I did not enjoy that walk, for I kept puzzling over the motor-boat, and I could not shake off the feeling that something was beginning to flaw the peace of the island. The accident was utterly incomprehensible to me, except on the supposition that Gregarsen had been drunk, or had gone temporarily insane and had forgotten what he had done. It was a nuisance, for next day we should have been sending to Hjalmarshavn for letters, and I longed for some word from Sandy. I felt myself set down on a possible battlefield with no sign of the commander-in-chief. Haraldsen's conversation did not cheer me. He was as mysterious as a spae-wife, and his only answer to my complaint was, 'What must be, will be.' Also the weather suddenly began to change. By midday the blue of the sky had dulled, and the heavens seemed suddenly to drop lower. The clear outlines of the Halder hills had gone, and the Channel, instead of a shining crystal, became an opaque pebble. 'Ran is stoking his ovens,' was all Haraldsen said on the subject, and it did not comfort me to know that Ran was a sea-god.
Immediately after luncheon I rang up Hjalmarshavn, but could not get through. There was nothing wrong with the apparatus in the House, and the trouble was probably at the other end, but the motor-boat business had filled me with suspicions, and I set out alone in the afternoon to trace the telephone line. It ran on low posts by the back of the garden and then down a shallow cleft to the beach not a quarter of a mile south of the village. It was clearly all right as far as the water's edge. But then I had a shock. It entered the sea in a copper casing from a little concrete platform. There seemed something odd about the look of that take-off, and I ran my hand down the cable. I lifted up an end which had been neatly cut through.
That put the lid on my discomfort. The fog was thickening. While walking with Haraldsen I had been able to see the other side of the Channel and witness the Tjaldar, returning from one of her dredging expeditions, settling snugly into her little harbour. But now Halder was blotted out, and I could only see a few hundred yards of sea. I felt as if we were being shut into a macabre world where anything might happen. We and our enemies, for that our enemies were near I had no manner of doubt. They had cut our communications and had us at their mercy—three men, two children, and a batch of ancients. Where they were, how they had got here, I never troubled to think. I felt them in the fog around me—Hulda's Folk, who had their own ways of moving by land and sea.

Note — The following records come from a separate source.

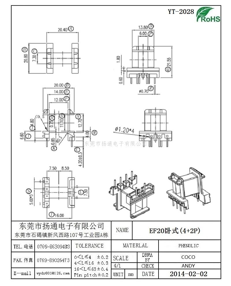 EF20变压器骨架EF20电木骨架EF20高频骨架 卧式4+2P YT-2028
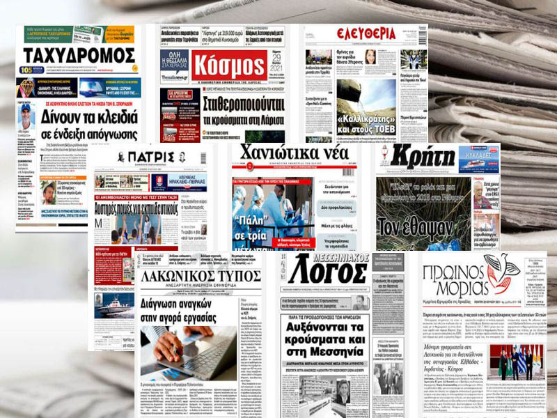 Διαβάστε τα πρωτοσέλιδα των σημερινών τοπικών εφημερίδων
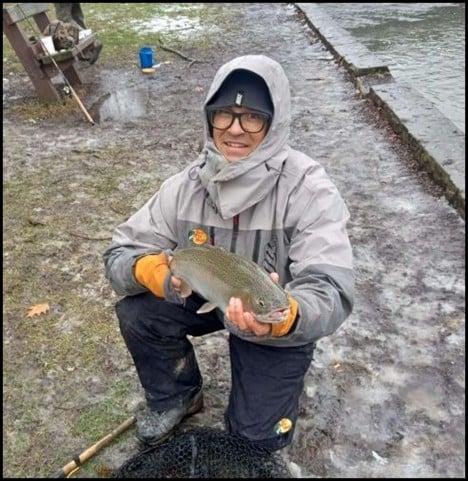 Vinny caught his first rainbow trout of the season on a Berkey minnow under a float (photo courtesy of Brian DiGioia).

I ran back to the House in what was pretty near a panic. Lombard and Haraldsen had gone for a walk, and to give myself something to do I overhauled our armoury. We had half a dozen rifles, four shotguns, and plenty of ammunition. There was a revolver for each of us, and a spare one which I had destined for Peter John.
At the thought of him all my anxiety was switched on to the children. If there were evil things afoot in the island they might be at their mercy. Haraldsen and Lombard returned for tea, but not Anna and Peter John. When he heard my story Haraldsen came out of his Nordic dreams and became the distracted parent. The fog had drawn closer, and our search could only be blind, but we got together the garden staff and Gregarsen, and set out in different directions.
The dinner-hour came and there was no sign of them. In the dim, misty brume which was all the northern night, we stumbled about the island. Midnight came and we were still searching. In the small hours of the morning they had not returned.